Let $t \in \{2,8,10,12,14,16,18\}$ and $n=31s+t\geq 14$, $d_{a}(n,5)$ and $d_{l}(n,5)$ be distances of binary $[n,5]$ optimal linear codes and optimal linear complementary dual (LCD) codes, respectively. We show that an $[n,5,d_{a}(n,5)]$ optimal linear code is not an LCD code, there is an $[n,5,d_{l}(n,5)]=[n,5,d_{a}(n,5)-1]$ optimal LCD code if $t\neq 16$, and an optimal $[n,5,d_{l}(n,5)]$ optimal LCD code has $d_{l}(n,5)=16s+6=d_{a}(n,5)-2$ for $t=16$. Combined with known results on optimal LCD code, $d_{l}(n,5)$ of all $[n,5]$ LCD codes are completely determined.

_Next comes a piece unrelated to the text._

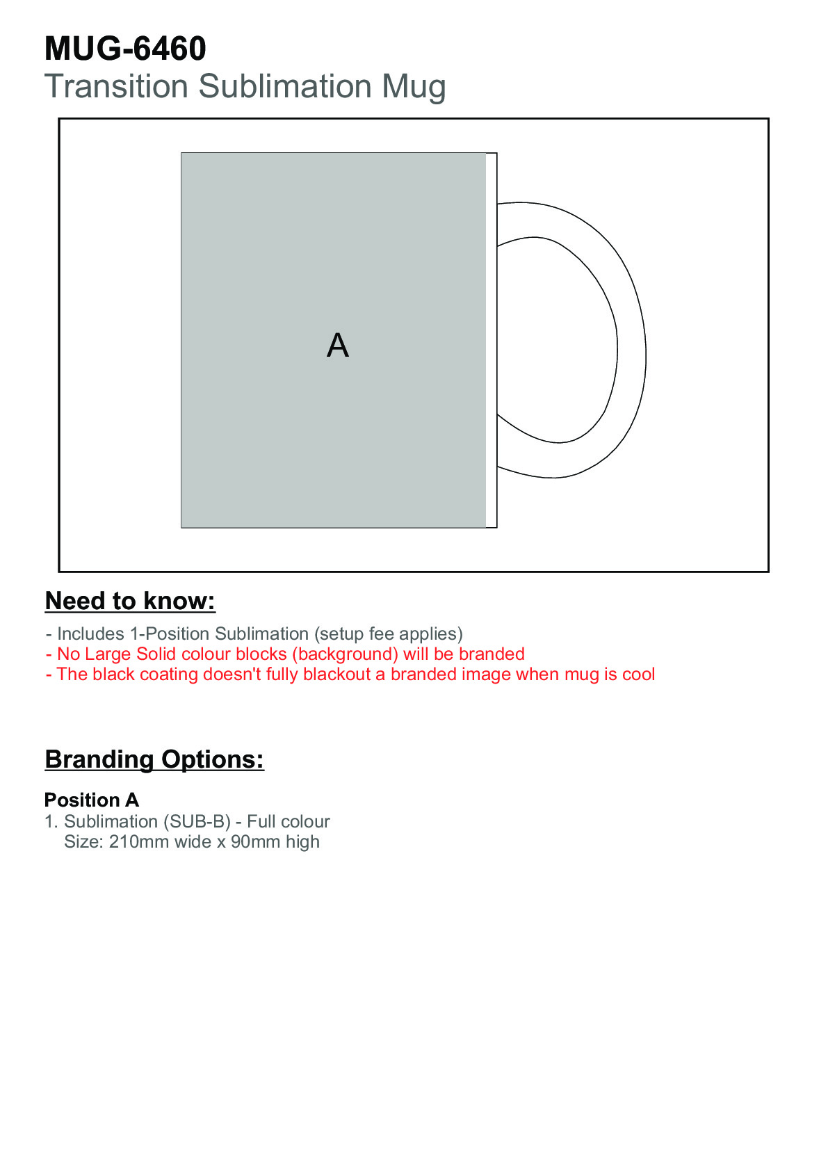 A unique, useful, and fun promotional gift. The outer wall of the mug appears black when cold then turns white when a hot beverage is added, revealing logo

翻译：令$t \in \{2,8,10,12,14,16,18\}$且$n=31s+t\geq 14$，$d_{a}(n,5)$和$d_{l}(n,5)$分别表示二元$[n,5]$最优线性码和最优线性互补对偶(LCD)码的距离。我们证明：当$t\neq 16$时，$[n,5,d_{a}(n,5)]$最优线性码不是LCD码，但存在$[n,5,d_{l}(n,5)]=[n,5,d_{a}(n,5)-1]$的最优LCD码；当$t=16$时，最优$[n,5,d_{l}(n,5)]$ LCD码满足$d_{l}(n,5)=16s+6=d_{a}(n,5)-2$。结合已知的最优LCD码结果，所有$[n,5]$ LCD码的$d_{l}(n,5)$被完全确定。